━━━ Input data

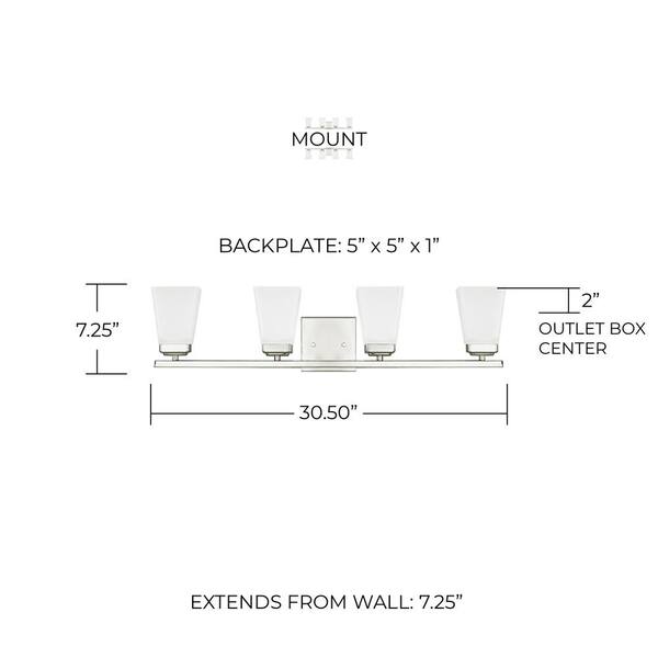 30.5 in. W x 7 in. H x 7 in. E 4-Light Vanity Light in Polished Nickel with Soft White Glass Shade
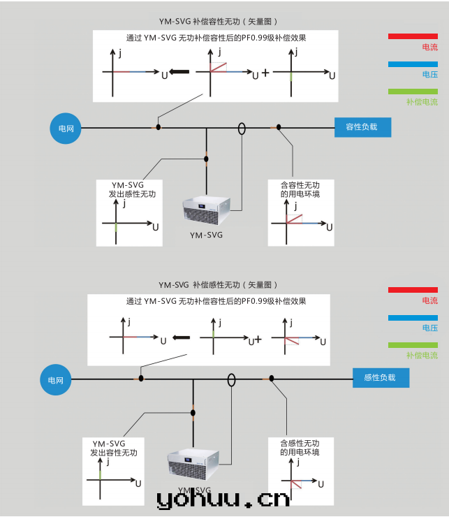YM静(jìng)止无功發(fà)生(shēng)器(SVG)通(tòng)过(guò)外(wài)部(bù)電(diàn)流互感(gǎn)器(CT),實(shí)时(shí)檢測负载(zài)電(diàn)流,並(bìng)通(tòng)过(guò)內(nèi)部(bù)DSP計(jì)算来(lái)分(fēn)析负载(zài)電(diàn)流的(de)无功含量(liàng),然後(hòu)根(gēn)據(jù)設置值来(lái)控制PWM信(xìn)号(hào)發(fà)生(shēng)器發(fà)出(chū)控制信(xìn)号(hào)給(gěi)內(nèi)部(bù)IGBT使逆变器産生(shēng)滿足要(yào)求的(de)无功補償電(diàn)流,實(shí)现動(dòng)态无功補償的(de)目的(de)。
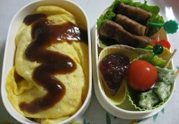 朝夕は涼しいけど昼間は夏に戻ったみたい。運動会の練習で日焼けしそうと思って、下二人はバス乗る前に日焼け止めを塗っておきました。顔と腕だけだけど。・オムライス・豚一口ステーキ・オクラ(味ポン&マヨ)・ミニトマト・大学芋パパが出張でいないし、残りご飯が溜まってきてたのでオムライスに。上にかけるソースはひかちゃんはデミグラスソース、下二人はケチャップにしました。今日は中学校は運動会の予行です。で、明日が本番なんだけど、今日終わってから部活あるそうです。さて今から明日のお弁当の献立を考えて買い物に行って来なくちゃ。
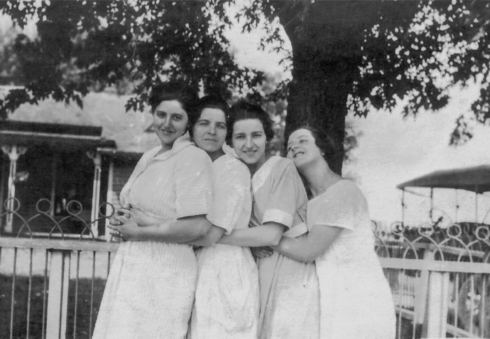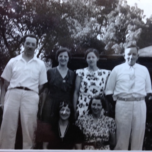 "Ada in front of Maymie and Alta behind me. Glenn's by Ada and Floyd on my side. (Laura) Burl is not in photo" Think Laura, being youngest of sisters is the one on bottom left. Glenn is on right?

━━━━━━

§ Directions
Your task is to output the material word for word while leaving out every image.

§ Response to the exercise
 30.5 in. W x 7 in. H x 7 in. E 4-Light Vanity Light in Polished Nickel with Soft White Glass Shade
YM静(jìng)止无功發(fà)生(shēng)器(SVG)通(tòng)过(guò)外(wài)部(bù)電(diàn)流互感(gǎn)器(CT),實(shí)时(shí)檢測负载(zài)電(diàn)流,並(bìng)通(tòng)过(guò)內(nèi)部(bù)DSP計(jì)算来(lái)分(fēn)析负载(zài)電(diàn)流的(de)无功含量(liàng),然後(hòu)根(gēn)據(jù)設置值来(lái)控制PWM信(xìn)号(hào)發(fà)生(shēng)器發(fà)出(chū)控制信(xìn)号(hào)給(gěi)內(nèi)部(bù)IGBT使逆变器産生(shēng)滿足要(yào)求的(de)无功補償電(diàn)流,實(shí)现動(dòng)态无功補償的(de)目的(de)。
 朝夕は涼しいけど昼間は夏に戻ったみたい。運動会の練習で日焼けしそうと思って、下二人はバス乗る前に日焼け止めを塗っておきました。顔と腕だけだけど。・オムライス・豚一口ステーキ・オクラ(味ポン&マヨ)・ミニトマト・大学芋パパが出張でいないし、残りご飯が溜まってきてたのでオムライスに。上にかけるソースはひかちゃんはデミグラスソース、下二人はケチャップにしました。今日は中学校は運動会の予行です。で、明日が本番なんだけど、今日終わってから部活あるそうです。さて今から明日のお弁当の献立を考えて買い物に行って来なくちゃ。
 "Ada in front of Maymie and Alta behind me. Glenn's by Ada and Floyd on my side. (Laura) Burl is not in photo" Think Laura, being youngest of sisters is the one on bottom left. Glenn is on right?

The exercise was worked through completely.